Malaria rates are spiking along the Thai-Burma border, health officials in the area say, as people flee fighting in Myanmar that has forced them to live exposed to the elements, increasing their chances of getting bitten by malaria-infected mosquitoes.
“These refugees are fleeing war. They have no home to live in — they stay under a bunch of bamboo trees or at the bank of a brook,” said an official at a camp in Myawaddy, which lies across the river from the Thai border town of Mae Sot.
Of the 1,140 civilians at the camp, about 5 percent are infected with malaria each month, he said, asking not to be identified for his safety. “They still have to live at the bank of a brook in poor conditions until now,” he said. “That’s why more and more people were infected with malaria.”
In Mae Sot, the Mae Tao Clinic has seen malaria cases jump more than 10-fold this year. It treated only 20 patients for malaria last year, but they’ve had 200 in the last nine months alone.
“Last month alone saw over 30 malaria patients,” said a doctor at the clinic who also requested anonymity. “The numbers are rising each month.”
Local organizations say they could see a short, but significant jump in malaria cases next month, and that it could worsen next monsoon season, which runs from July to October. The director of the Shoklo Malaria Research Center, or SMRU, in Mae Sot says that malaria can behave in unpredictable ways, and even small rises in cases can create an epidemic.
“Things are going to get worse, not better,” said Francois Nosten, director of the center. “In this kind of situation, it’s always the case that it’s going to get worse. Government authorities, NGOs, international NGOs, they should prepare themselves and they should organize themselves to be ready — because when it’s going to get worse, it’s going to get bad. We should not wait until things are bad, we should prepare ourselves now.”
In the past year, SMRU reported 1,500 cases of falciparum malaria, a potentially deadly strain, within Brigade 6 territory of northern Karen State. An official at a refugee camp near Myawaddy told RFA the poor living conditions were contributing to the rise in cases.
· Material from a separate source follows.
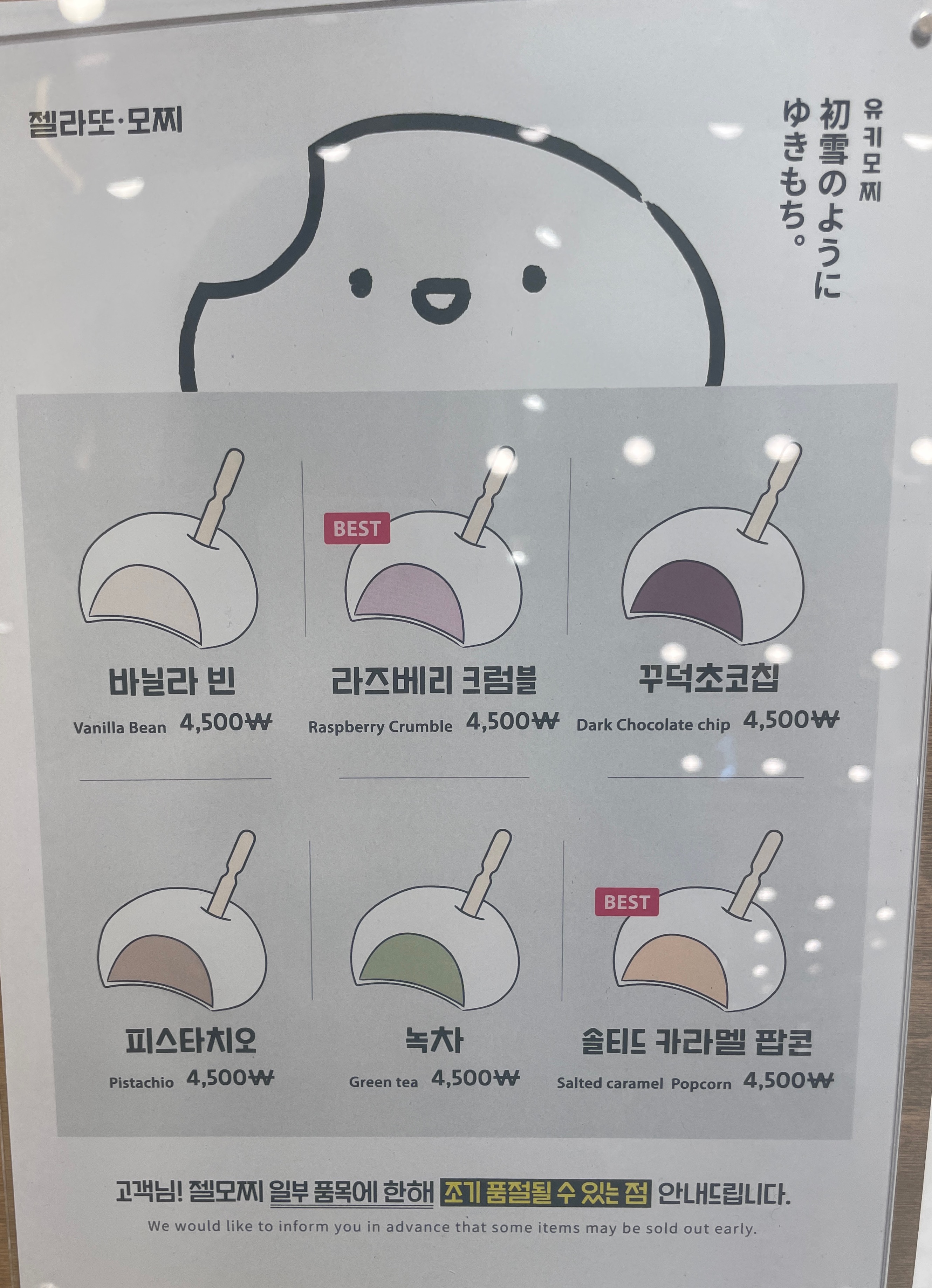 연남점에서는 줄서 먹는다고 하던데! 지점이 많이생겨 쉽게 먹을수 있어 좋다. 유키모찌 연남점에는 맛도 더 다양한것 같은데 베스트 메뉴만 들어온건가?!

Of the 1,140 civilians who are currently at the camp, about 5 percent are infected with malaria each month.
Myanmar has been wracked by civil war and turmoil since the military took control of the country in February 2021, intensifying long-standing conflicts between the government and various ethnic rebel groups seeking greater autonomy.
A series of battles that flared between the Karen National Union and Burma Army have driven more than 186,000 people from their homes, according to a KNU press release in August.
More vulnerable fighters
The coup has driven more young people from the cities to join the People’s Defense Force and other armed ethnic organizations who are not as resistant to malaria as long-term residents are, said Nosten.
The same thing happened in the late 1980s, when young people from the city to fight in the jungles, he said. “When the students arrived here in 1988, 1989, and 1990, more students died of malaria than died of fighting because they are not immune, they are city-dwellers.”
One young rebel fighter was laid low with a raging fever for a week after getting infected with malaria while going on a mission through the jungle. He had no access to any specific malaria medication, so he took only common fever pills.
“I was sleep-talking in pain,” he said. “Thank God the fever went down, and I got back to normal.”
While his case wasn’t deadly, health officials worry the situation could grow worse.
While medics at the border urge people at risk to avoid getting bitten, the nature of mosquitos carrying malaria means they can also bite during the day. Nosten urged a prompt response from local officials in Karen state, as well as officials he’s engaged in Thailand.
Thankfully, malaria is a relatively easy disease to treat as long as patients get tested and medication quickly, Nosten said.
“It’s supply, disruption, and access. When people have to run and move from one place to another, it’s difficult to access healthcare,” he told RFA.
“As soon as they have a fever, they need to get themselves somewhere they can get a diagnosis and treatment,” he said. “So that’s the most important thing to do. Malaria is easy to treat and it’s a benign disease if you treat it quickly.”